Managing cultural diversity in the context of open education: lesson learnt

A talk Managing cultural diversity in the context of open education – lessons learnt was given by Malgorzata Kurek (Jan Dlugosz University, one of the LangOER partners) at the 16th edition of the international IALIC conference, which took place at Universitat Autonoma de Barcelona, in Bellaterra university campus, Spain, on 25th – 27th November 2016.

The presentation was based on the outcomes of the teacher training package designed and offered within the LangOER project to teachers from 6 different cultures operating with less-used-languages.

IALIC (International Association for Languages and Intercultural Communication) is a very well-known organisation of global reach which promotes an interdisciplinary perspective on the interplay between languages and intercultural factors. The event attracted as many as over 130 researchers, educators and practitioners interested in interculturalism and multilingualism.

The leading theme of the conference was Bridging across Languages and Cultures in Everyday Lives: New Roles for Changing Scenarios and main aims were:

  • to promote critical engagement with the notion of mediating between cultures and languages;
  • to explore the role of technology in bridging between diverse languages and cultures;
  • to explore the role of ‘broker’ in cross-cultural situations, including growing instances of ‘child language brokers’;
  • to promote understanding of how language brokering is perceived by researchers and practitioners from cross-cultural situations;
  • to provide a forum for a critique of existing analytical models of culture and language mediating practices that integrate current theories of language and intercultural communication;
  • to provide a forum on ways in which research into language and culture mediation can inform teachers’ praxis.

This broad spectrum enabled the penetration of various aspects of multilingualism and interculturalism.
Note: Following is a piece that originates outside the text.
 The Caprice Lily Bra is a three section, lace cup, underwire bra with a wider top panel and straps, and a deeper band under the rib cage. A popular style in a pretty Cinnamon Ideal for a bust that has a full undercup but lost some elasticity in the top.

The presentation delivered by Malgorzata Kurek drew on the outcomes of the teacher training courses designed with the purpose of equipping teachers working in less-used languages with skills needed to locate, repurpose and create their own resources. The pilot course in English was piloted and then re-purposed by project partners to address the needs of their local teachers from Greece, Poland, Sweden, the Netherlands, Latvia and Lithuania. The course is available on demand from https://www.openlearning.com/courses/goingopenwithlangoer/Homepage

The presentation focused on the stage of adapting and appropriating original instructional design to the unique characteristics and constraints of local educational cultures of Greece, Latvia, Lithuania, Poland, Sweden and Frysia. The research presented was based on the analysis of strategies used by facilitators to accommodate the training content to the profile of their local educational cultures.
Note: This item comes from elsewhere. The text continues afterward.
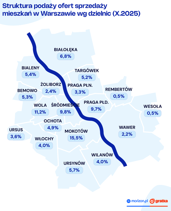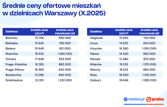 Z analizy cen mieszkań oferowanych do sprzedaży w serwisach nieruchomości Grupy Morizon-Gratka w październiku wynika, że najdroższą warszawską dzielnicą jest niezmiennie Śródmieście. Średnia cena metra kwadratowego używanego lokalu w centrum stolicy wynosiła w październiku 22,8 tys. zł. To prawie o jedną trzecią więcej niż średnia dla całego miasta (ponad 17,4 tys. zł/mkw.) i o ponad 82 proc. więcej niż średnia cena używanego mieszkania w najtańszej pod tym względem dzielnicy Warszawy, czyli Wesołej (niemal 12,5 tys. zł/mkw.).

The main points made by the author were the following:

  • Instructional designers involved in designing open content need to consider the inevitable prospect of the materials being re-purposed and adapted to other educational contexts.
  • The quality of open content is not its inherent feature but it emerges in the process of adaptation (Conole & Ehlers 2010; King 2013);
  • Successful appropriation to local contexts is not free from cultural meanings and, thus, cannot be approached as an automatic procedure.
  • Educational cultures should be accounted for in task appropriation and instruction delivery so that recipients feel assisted in their gradual adaptation of new practices.
  • Facilitators play an active role in the process of adapting resources – they should be autonomous in their judgments and decisions about which modifications respond best to their local contexts.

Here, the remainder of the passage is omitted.